In some ways, I find this frustrating and I worry about not seeing a way out. Are we going to make kindergarteners wear masks at school until no one has COVID anywhere? I would support this if we thought it mattered a lot for transmission, but it’s not clear it does especially when adults are vaccinated. I think we are also missing some of the significant costs for students with disabilities, who may struggle more with these restrictions in various way.
Having said this: if the tradeoff in the fall is masks or no school, my strong sense is that masks are better than no school. Many kids have worn masks all year without issue. As economists say: it’s not the first best, but it’s maybe the second best. With no in person school as a distant third.
I do want to name here that I’d like to see more clarity from the CDC about younger kids. It’s hard to get a 2 year old to wear a mask and I’m not sure what evidence we’d point to to suggest that it matters, especially when case rates are low.
When will kids be vaccinated anyway?
The FDA is reportedly set to extend the Emergency Use Authorization for the Pfizer vaccine to adolescents (12-15) next week. Realistically, this means in a couple of weeks we will start seeing that group vaccinated.
Pfizer has said they’ll apply for an EUA for kids 2 to 11 in September. Moderna is in a similar space. So in principle we could have vaccines for this group in the late fall. This is a bit earlier than the January timeline that I’d seen predicted.
So, this is when your child could be vaccinated. But will you? People sometimes ask me: will you get your kids vaccinated? I will, as soon as they can. If we had access, I would likely have enrolled them in a trial.

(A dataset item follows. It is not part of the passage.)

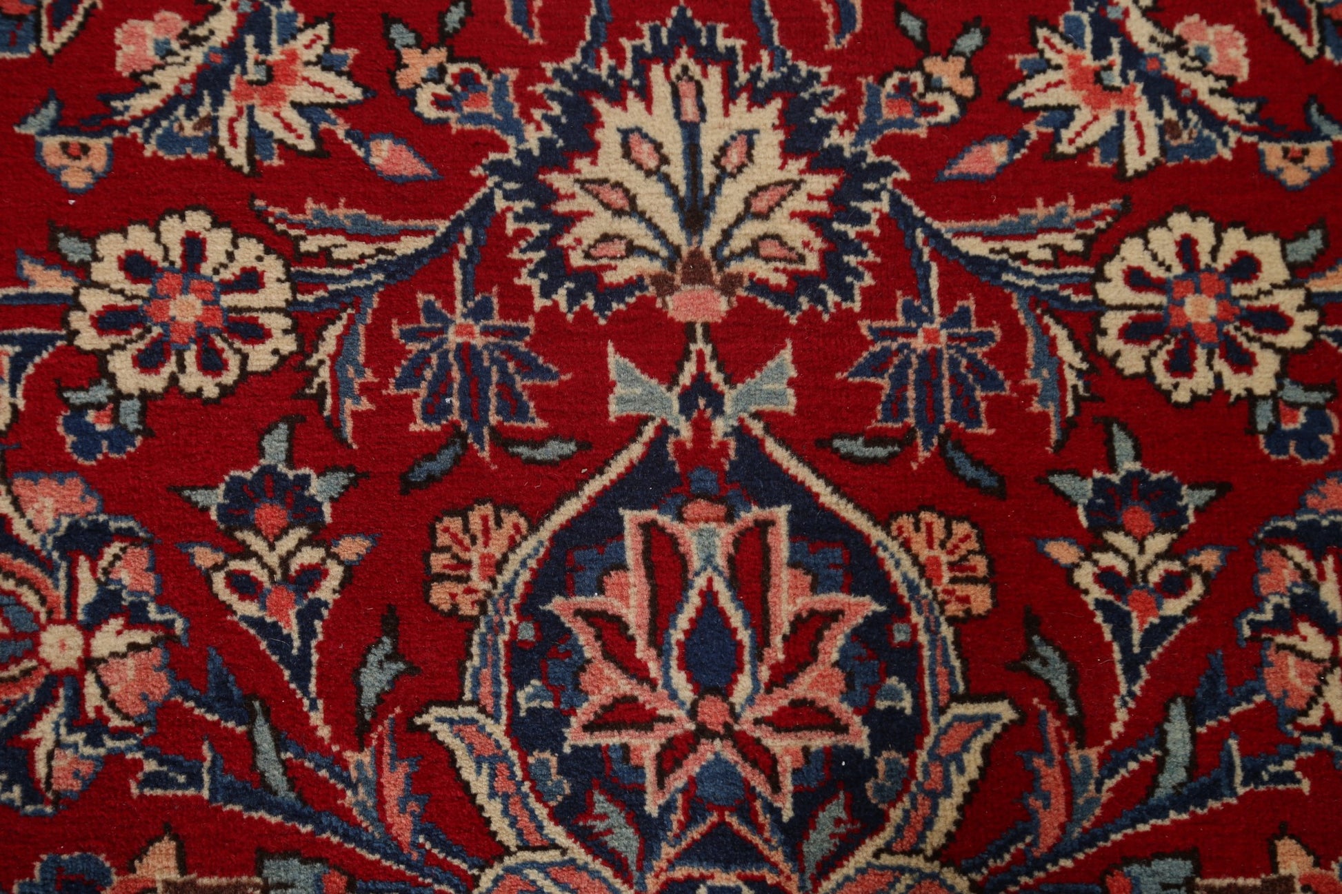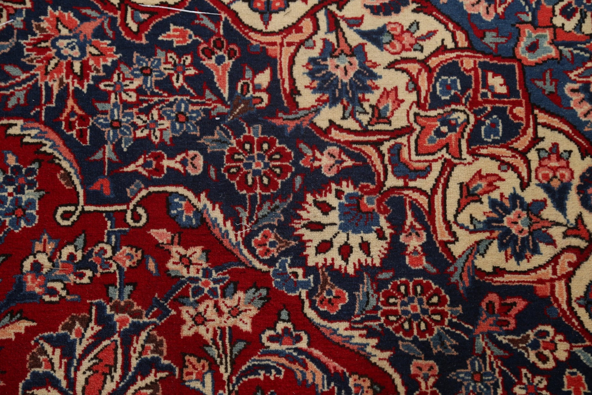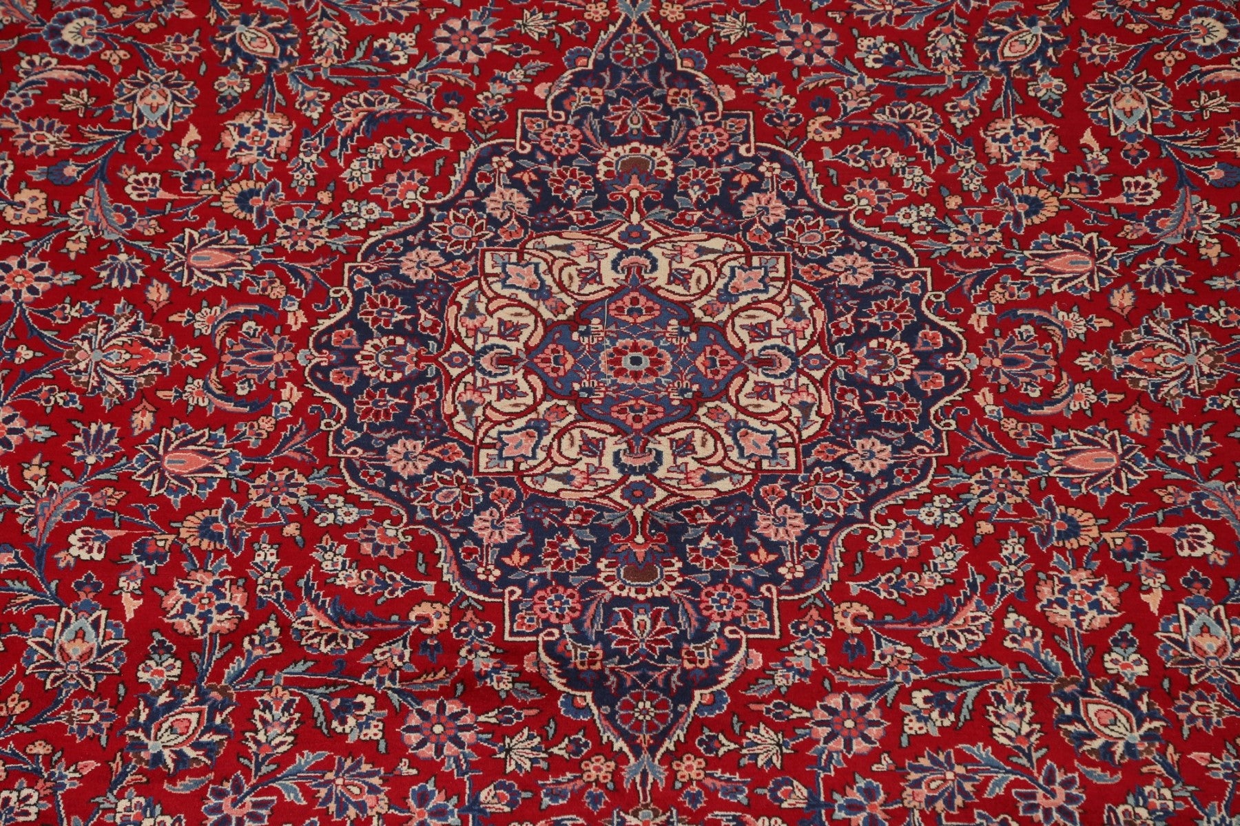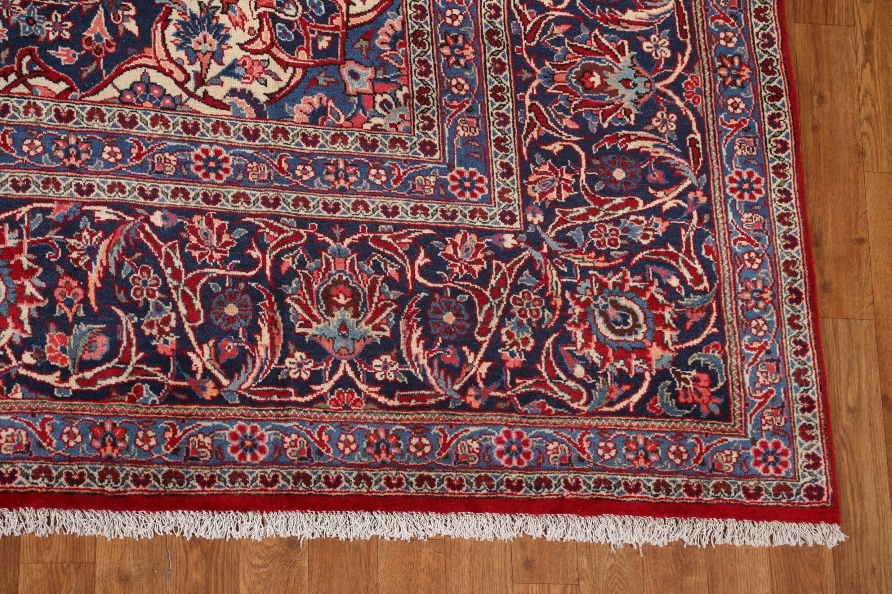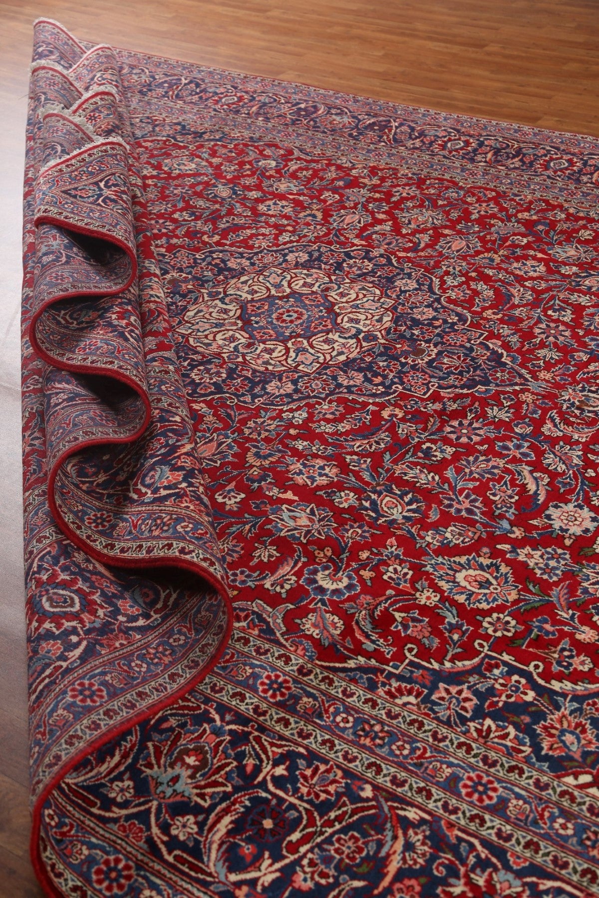 A Beautiful Genuine Persia ( Persia ) Kashan rug is Hand Knotted by skillful weavers in Persia ( Persia ) with 100% Kork Wool Material. This rug is in Very Good condition. dimensions are 13' 4'' X 9' 7'' in foot and 406 X 292 in centimeter. the primary color is Red.

However: I am expecting more vaccine anxiety and hesitancy around kids than there has been around adults, especially kids in the younger age groups. For a low risk 8 year old (for example) the individual benefit of the vaccine is low. Yes, kids can get severe COVID, so the vaccine benefit is not zero. But it’s much, much smaller than for (say) their 75 year old grandparent. The most significant benefits to childhood vaccines are to lowering spread to other people — these benefits are real! But, overall, the risk-benefit calculation is different in kids than older people.
This comment, in Lancet Infectious Disease, is a more academic take on this questions. My bottom line is that I think it will be an uphill slog to getting high vaccine rates in kids, especially those under 12, until schools require them. And many schools in many places will not.
Final Thoughts
It is an amazing triumph of science that the COVID-19 vaccines are so effective. What it means — and this is reflected in the CDC guidelines and general rhetoric — is that people who are vaccinated can start to get back to normal. Like real normal. And a big part of that is not thinking through every f*ing activity to decide it if fits in today’s “risk budget” or whatever we are calling it. Want an eyebrow wax? Just get it. Forgot strawberries at Whole Foods? Just go back.
I think many parents are experiencing, basically, decision-fatigue-induced-vaccine-jealousy. I just want to be able to make simple decisions about playdates and vacations and camp and extracurriculars without a calculator. (Yes, I like my calculator, but I wish I didn’t have to use it.) It seems like we are facing at least a few more months of these complicated decisions and it is frustrating and tiring.
I have no real solution other than to name the feeling, to note that it will get easier, and to celebrate the small changes. Example: none of us will mask when we are hiking as a family this weekend and we will retire the front-of-line-there-is-someone-coming-mask-up-hand-signal my husband introduced a year ago. It’s a small thing, but it’s something.